Our nation has just passed through a storm the likes of which it is not likely to witness ever again The soil, although not the soil of Bailey Hollow, has been stained with the blood of brother fighting brother. Antietam, Gettysburg, Shiloh, all these have come to pass and have ripped the heart out of a once innocent nation. President Lincoln sadly was assassinated a little over a year ago in April 1865 just after the War had ended, and we all still mourn his loss, and the loss to our nation.

My dear old mother, Roby Colvin Whitman, died not too long after that in September of 1865. She lived long enough to see her great-grandson, James, go off to serve at Petersburg as a musician for the 187th, Company G and then come home to Bailey Hollow the month before she died. Our nation has been through much in its brief history and so much of the time we have been trying to figure out the fate of the Black man in our country. Should he be free or should he continue to be enslaved?

My people, being God-fearing Baptists, especially of the Six Principle Baptist Church, knew which side they were on. They were for abolition of slavery so that America could live up to its own creed that all men are created equal and endowed by their Creator with certain unalienable rights, among them being the right to life, liberty, and the Pursuit of Happiness. Bailey Hollow itself was on the path of the Pennsylvania underground railroad and many a night the mighty doors of our Baptist Church were thrown wide open to welcome some Black folk on their way north.

My people originally came from England, descendants of Edward Wightman, the last martyr to be burned at the stake for heresy against the Church of England. Edward's biggest heresy was his belief in, and call for, a separation of church and state and that was something the bishops in England could not stand. So his grandsons, George, Valentine, and Daniel all left England to go to the American wilderness and settled in Rhode Island. There they practiced their Baptist faith and farmed the land. I am a descendant of George Wightman, who had a son George who married and moved to Warwick, Rhode Island.

This George's son also by the name George married Mary Ralph and had three sons and three daughters. The three sons, Reuben, Stephen, and David were prominent in town affairs and the Revolutionary War for Independence, Reuben being named a captain of a militia before his death in April 1777 and Stephen rising to the rank of colonel. I am most likely named after this Stephen Whitman, not only because he was a prominent man in Rhode Island but also because my father, Thomas Whitman, was the only child of David Whitman and his wife Susannah Arnold Whitman.

Well, to make a long story short, my grandfather, David Whitman, and my grandmother, Susannah Arnold Whitman, became divorced in 1798, the year before I was born. My father, Thomas Whitman, died at sea in August 1808 just before my ninth birthday. It was an extremely sad time for me, my mother Roby, and my two younger brothers, George and David. Adding to our sadness was the fact that just four years earlier, my little sister Eliza died as an infant. Despite having lost our father, we all remained in Warwick for several more years until we left with the Six Principle Baptist Church to go to Bailey Hollow, Pennsylvania.

In the summer of 1819, I married Priscilla Wight, daughter of American Revolutionary War hero, Aaron Wight, originally from Scituate, Rhode Island. We had a good marriage. I loved her dearly, but around the time of our seventh wedding anniversary, Priscilla passed away from a bad fever. She had bore two sons for me, Owen and William Harrison, and they were my pride and joy. Not long thereafter, and in need of a new mother for my two boys, I wed Polly Carpenter, daughter of Benjamin Carpenter of Factoryville, Pennsylvania.
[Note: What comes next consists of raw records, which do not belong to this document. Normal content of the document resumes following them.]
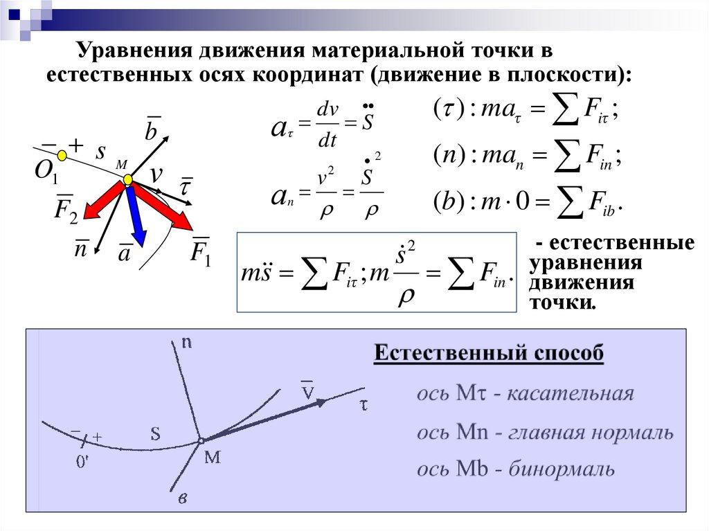 Уравнения движения материальной точки вестественных осях координат (движение в плоскости):
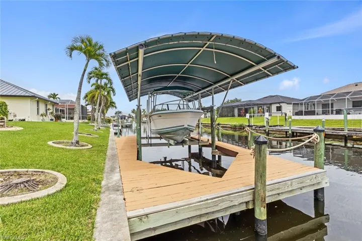 Priced BELOW assessed value! Don’t miss out on this great opportunity! This tasteful 3 bedroom, 2 bathroom Gulf access pool home boasts impressive curb appeal, a circular driveway, an excellent layout, and the highly sought after Southern rear exposure. Additionally, it features a captain’s walk dock equipped with a 12,000lb boat lift, complete with a canopy cover to keep your boat in pristine condition. You’ll also enjoy ample outdoor living space, thanks to the spacious pool deck, a covered lanai, and a heated pool for year-round enjoyment. And if you’re in search of a property that’s move-in ready and doesn’t need anything repaired or upgraded to start enjoying it, well you’re in luck here! This home is sold turnkey furnished and has been meticulously maintained—just pack your bags and settle right in. The kitchen showcases beautiful wood cabinetry and granite countertops, the ceilings are vaulted, and there’s no carpeting anywhere in this home. Also, and this is important, this home has experienced NO flooding during any storm. Plus, it comes with affordable and assumable flood insurance too. And for even more protection, there’s convenient accordion type hurricane shutters on all the windows & doors. No matter if you are searching for a full-time residence or a seasonal getaway this one will fit either scenario perfectly. And if you are interested in renting it out part of the year to offset some expenses, that’s no problem either. With its attractive layout and design, its appealing neighborhood, the fact that its sold turnkey furnished and its optimal rear exposure you should have no problem doing so! But at this unbeatable price, make sure you check it out before someone else beats you to it! **See virtual tour link for a 3D walkthrough**
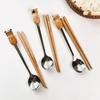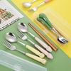 Desenho Animado Aço Inoxidável Estudante Crianças Talheres Portáteis Conjunto de Quatro Peças Estatueta Fofa Colher de Arroz Garfo de Sobremesa Hashis Faca
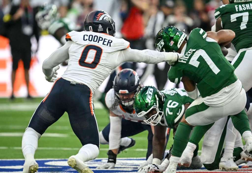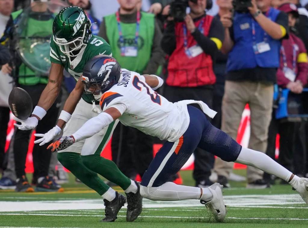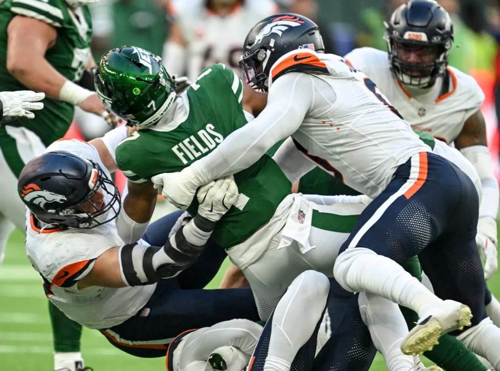 Denver quarterback Bo Nix threw the only touchdown of the game at the end of the first quarter at the Tottenham Hotspur Stadium and the team’s defense sacked Jets QB Justin Field nine times in an affair which lacked offensive firepower – the nine sacks on Fields was the same number as the amount of successful pass attempts he had during the whole game.
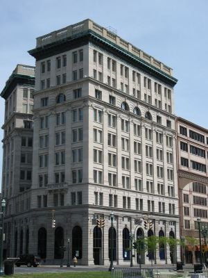 The Onondaga County Savings Bank Building stands at the intersection of Erie Boulevard and Salina Street, featuring architectural elements from the late 19th century.
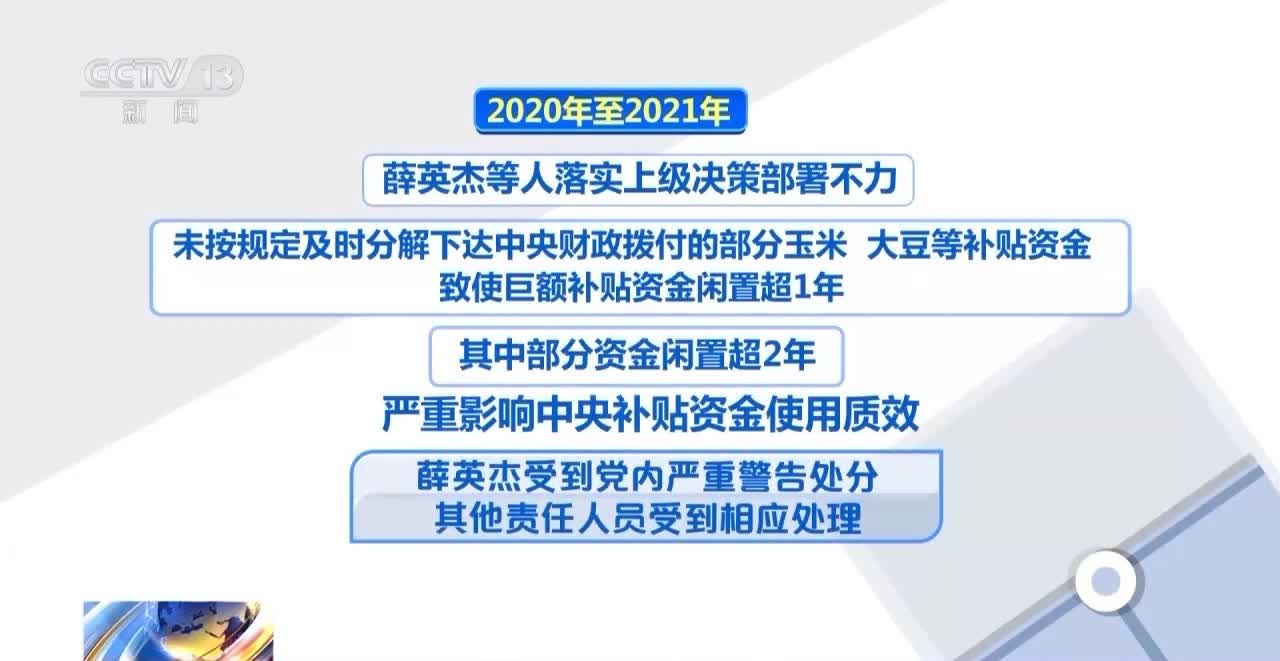 2020年至2021年,薛英傑等人落實上級決策部署不力,未按規定及時分解下達中央財政撥付的部分玉米、大豆等補貼資金,致使巨額補貼資金閑置超1年,其中部分資金閑置超2年,嚴重影響中央補貼資金使用質效。薛英傑受到黨內嚴重警告處分,其他責任人員受到相應處理。

Polly was a sweet woman and a great mother, but she could never compare to my beloved Priscilla. By 1835, I had another son named Benjamin and two daughters, Priscilla and Olive Marinda. Now, of course, all my children are grown up with children of their own. Son Owen married Miss Waity Ann Champlin and moved to Stonington, Connecticut where they had a son, Leroys Rensalear Whitman. Son William Harrison married Susan Gardner and had five children, James, Violet, Ranaldo Eugene, Kenneth, and Etta. Other son Benjamin married Dellie Dixon while daughter Priscilla married Franz Pallman and daughter Olive Marinda married Isaac Clay Andrews. They have all done me proud, and I could not be happier than I am right now with my extended family.

My younger brother, George married first Joanna Gardner with whom he had two daughters, Mary Elizabeth and Caroline and a son, Marritt Almon. Later, he married Abbie Gardner and moved back to Rhode Island. With Abbie, he had two daughters, Melissa and Amanda. My other brother David married Lydia Dawley and had a large family, Thomas, Sarah, Phebe, Daniel, David, William, and Charlie. He also moved back to Rhode Island.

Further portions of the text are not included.